Eating well is all about balance, and while many Americans are striving to eat healthier at mealtime, it’s snacks that are sabotaging their diets. When hunger pangs strike, instead of junk, reach for nutrient-rich foods instead.

One of the best ways to do this is to select one drawer in the refrigerator and dedicate it to foods for healthy snacking. Stock it with fruit, veggies, whole grain crackers and low-fat cheese and nuts. Spend 10 minutes each Sunday cutting vegetables and portioning out nuts and other snacks, and all week long you and your family can easily reach for healthier munchies.

Move and groove

You don’t need a fancy gym membership to get fit. Just block off 10-minute increments each day to work out and you’ll start to feel the difference. Try walking, biking or doing sets of squats, crunches and jumping jacks. Within minutes you’ll raise your heart rate and work those muscles.

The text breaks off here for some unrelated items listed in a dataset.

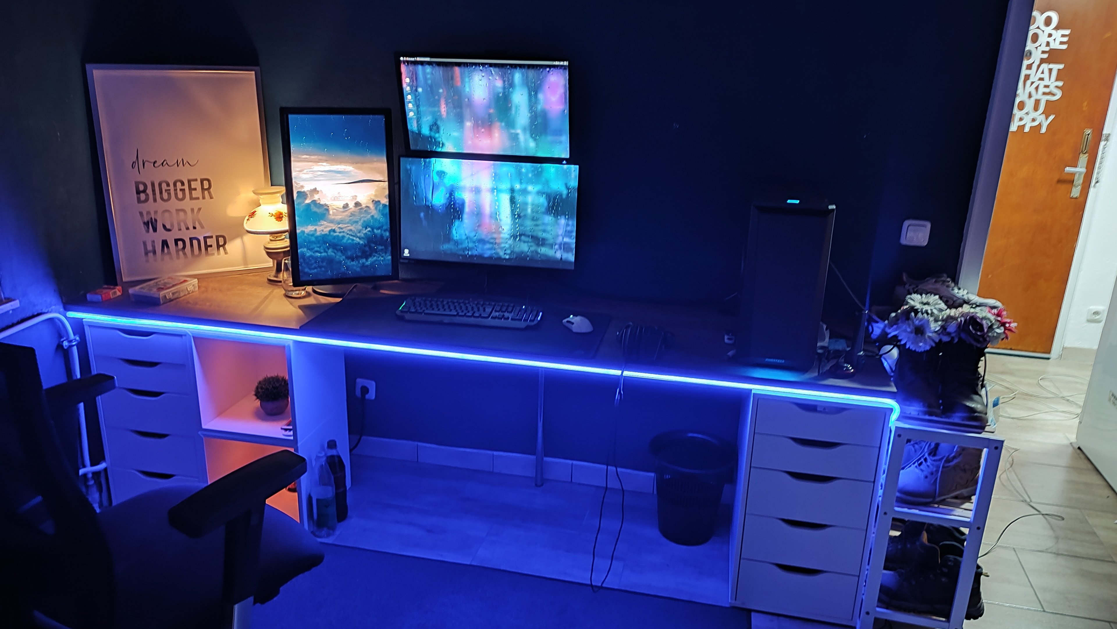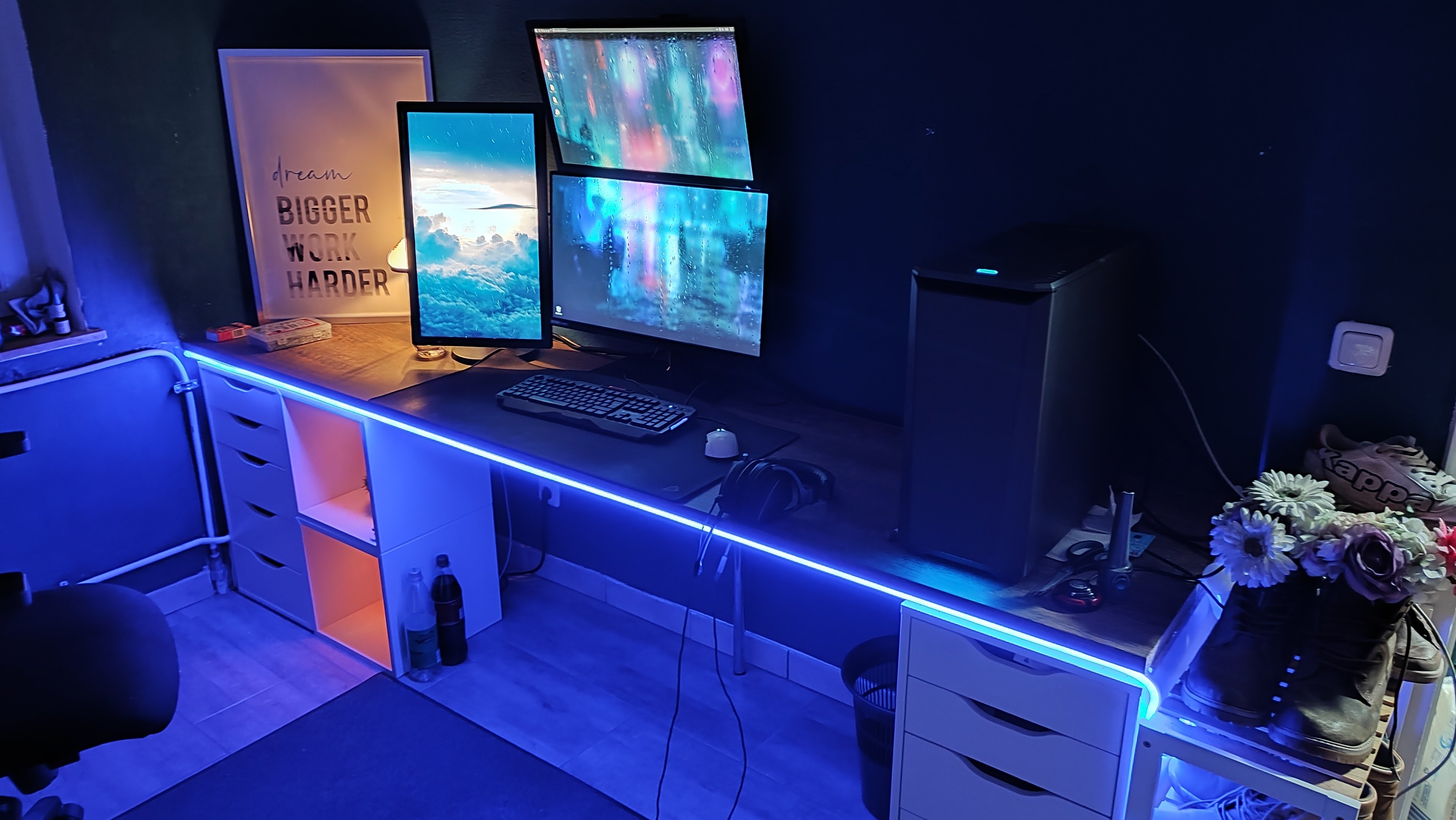 Links an der Wand kommt noch ein vierter Monitor hin, der an einem Raspberry Pi angeschlossen wird, auf welchem dann Fhem UI laufen wird.
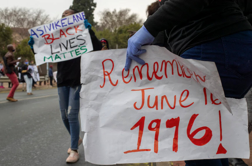 Young South Africans, wearing face masks and keeping a distance, mark the country’s Youth Day holiday in Soweto, South Africa, Tuesday, June 16, 2020. Nearly 200 young South Africans, wearing face masks and keeping a distance, marked the country’s Youth Day holiday, the 44th anniversary of the 1976 Soweto students’ uprising which helped to bring about the end of the country’s previous regime of racist, minority rule. Äsivikelane is Zulu for “Protect each other’. [Themba Hadebe/Associated Press]June 16, 1976, is a day that saw fierce police brutality in South Africa. Several thousand high school students in Johannesburg’s poor township of Soweto demonstrated against the minority South African government. (In 1974, a decree had been issued that had forced all township schools to use Afrikaans and English in a 50–50 mix as languages of instruction).
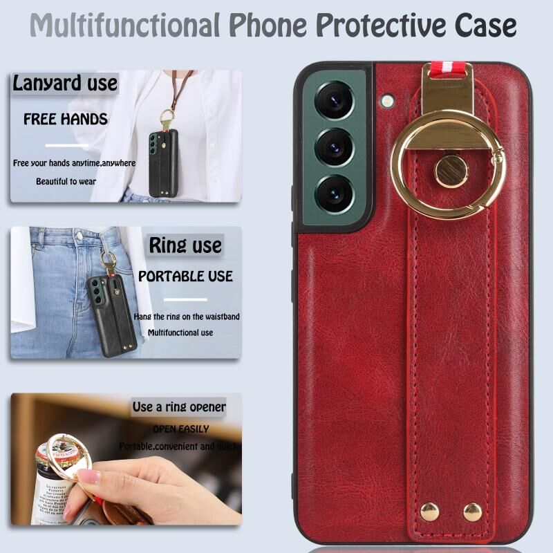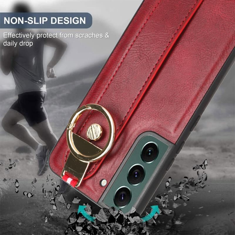 Για Samsung Galaxy S22 5G Wristband δέρμα πίσω θήκη τηλεφώνου (κόκκινο)
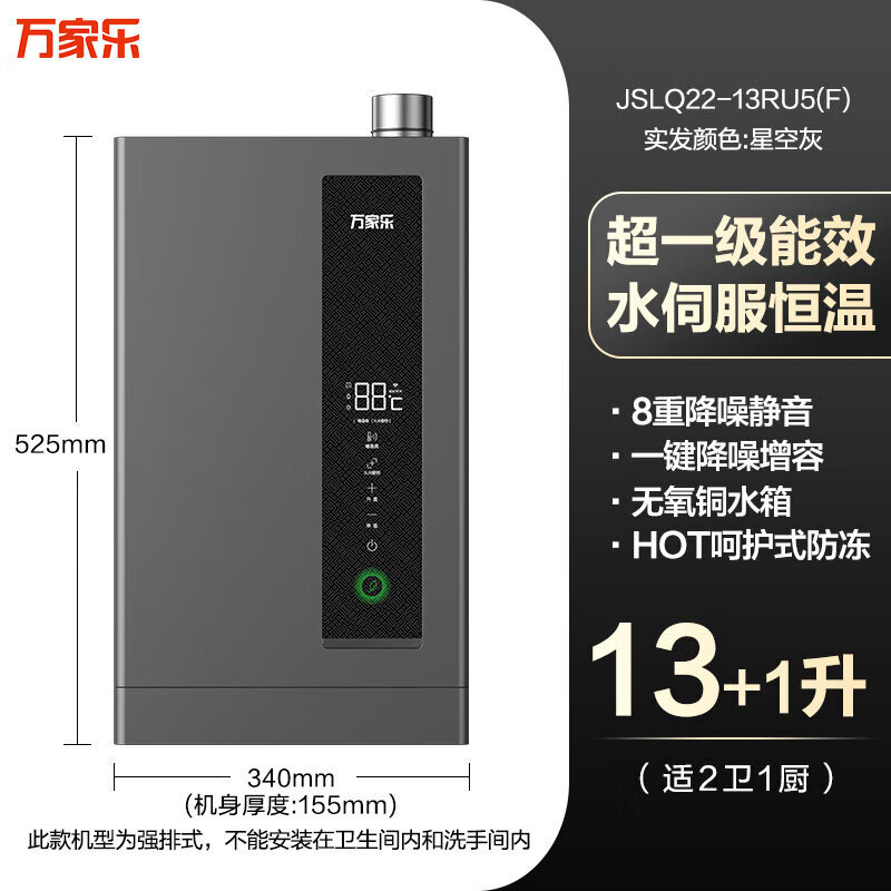 macro燃气热水器一级能效RU5气伺服恒温家用13L16升 JSLQ22-13RU5(F)星空灰 双一级能效/ 天然气
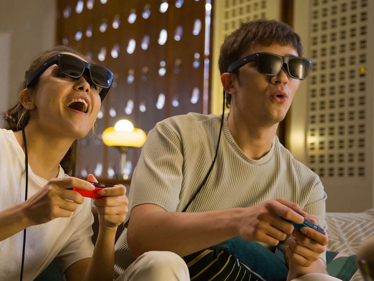 Comunque, parliamo di un paio di occhiali che aggiornano il modelli NXTWAR Air, offrendo una serie di funzioni interessanti che li rendono adatti a vari contesti. Come anticipato, offrono un campo di visione che il produttore afferma essere equivalente a uno schermo da 140″ posizionato a quattro metri di distanza da chi lo indossa. I display montati sono due micro OLED a 1080p che garantiscono una risoluzione di 47 pixel per grado e una copertura della gamma DCI-P3 superiore al 90%.

If you have kids, join in the fun with them and you’ll be surprised just how quickly you get in a quick workout. A game of tag, for example, is a great running exercise. Plus it’s a wonderful way to bond with your family. Bonus: Your kids are learning to exercise through play. Not sure how to get started? Familydoctor.org has you covered.

Hydration

Everyone knows soda is unhealthy, but for other drinks it’s not so obvious. Many fruit juices and sports drinks are packed with sugar and calories. Hydration is important, so drink as much water as possible to boost your health.

Staying properly hydrated is essential to healthy living, and because the body is approximately half made of water, there’s no better drink than good old H2O. If that is too bland, add some healthy flavor with cut fruit, such as oranges, apples, kiwi or strawberries.

Sun protection

The sun gives off rays of light that are helpful and harmful. Some sun exposure is good because it helps the body create vitamin D, which absorbs calcium. Too much sun exposure, though, can lead to skin changes, a lowered immune system and cancer.

It takes just a minute to slather on sunscreen to block harmful rays even in the winter months. Focus on the face which is exposed all year long, and during warm months or while vacationing, make sure to use sunscreen on the entire body, reapplying regularly. What’s more, teach children to do the same to create healthy habits that will last a lifetime.